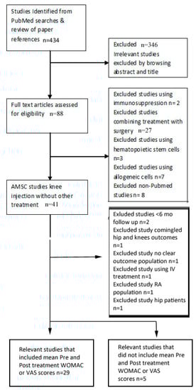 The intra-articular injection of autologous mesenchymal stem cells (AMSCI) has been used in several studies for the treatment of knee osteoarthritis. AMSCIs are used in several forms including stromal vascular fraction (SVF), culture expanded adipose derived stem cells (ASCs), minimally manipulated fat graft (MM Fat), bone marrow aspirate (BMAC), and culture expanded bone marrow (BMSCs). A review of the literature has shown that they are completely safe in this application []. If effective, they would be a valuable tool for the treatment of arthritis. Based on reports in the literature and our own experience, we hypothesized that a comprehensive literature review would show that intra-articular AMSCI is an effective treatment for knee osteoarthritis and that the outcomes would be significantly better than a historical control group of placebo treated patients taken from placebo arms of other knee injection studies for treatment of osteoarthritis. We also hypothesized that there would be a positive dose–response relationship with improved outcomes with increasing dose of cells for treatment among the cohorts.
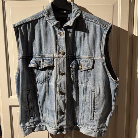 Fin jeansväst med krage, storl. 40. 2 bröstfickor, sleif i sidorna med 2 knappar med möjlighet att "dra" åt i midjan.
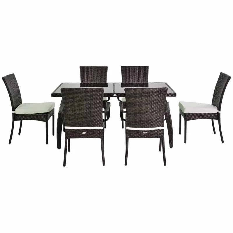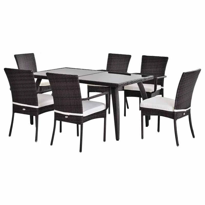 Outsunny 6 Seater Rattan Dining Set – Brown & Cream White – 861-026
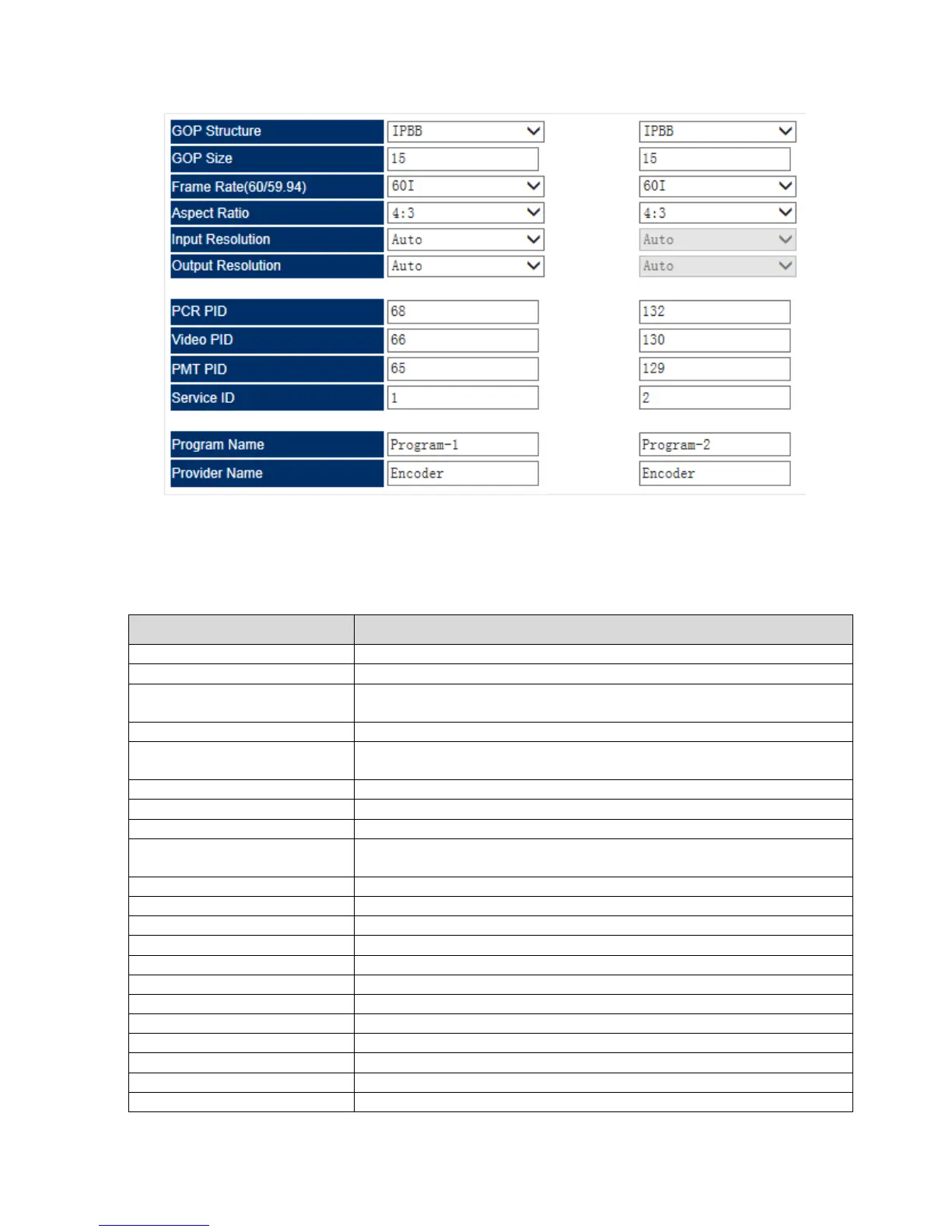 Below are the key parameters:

==

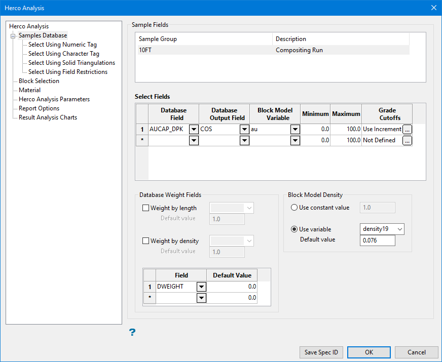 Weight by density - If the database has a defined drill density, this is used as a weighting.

--

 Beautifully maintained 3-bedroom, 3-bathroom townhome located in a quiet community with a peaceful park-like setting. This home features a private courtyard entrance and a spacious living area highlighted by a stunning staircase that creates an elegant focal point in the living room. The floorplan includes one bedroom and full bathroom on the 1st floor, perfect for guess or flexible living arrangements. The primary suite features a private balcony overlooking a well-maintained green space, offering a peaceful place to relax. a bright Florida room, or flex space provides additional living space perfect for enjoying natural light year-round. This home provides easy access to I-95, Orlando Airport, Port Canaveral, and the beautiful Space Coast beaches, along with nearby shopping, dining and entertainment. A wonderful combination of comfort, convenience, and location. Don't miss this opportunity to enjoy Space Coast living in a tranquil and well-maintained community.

DIRECTIONS FOR THIS TASK: Copy back exactly the lines above from the one containing "Outsunny 6 Seater" through the one containing "Below are the", and leave every picture behind.

RESPONSE AREA:
 Outsunny 6 Seater Rattan Dining Set – Brown & Cream White – 861-026
 Below are the key parameters:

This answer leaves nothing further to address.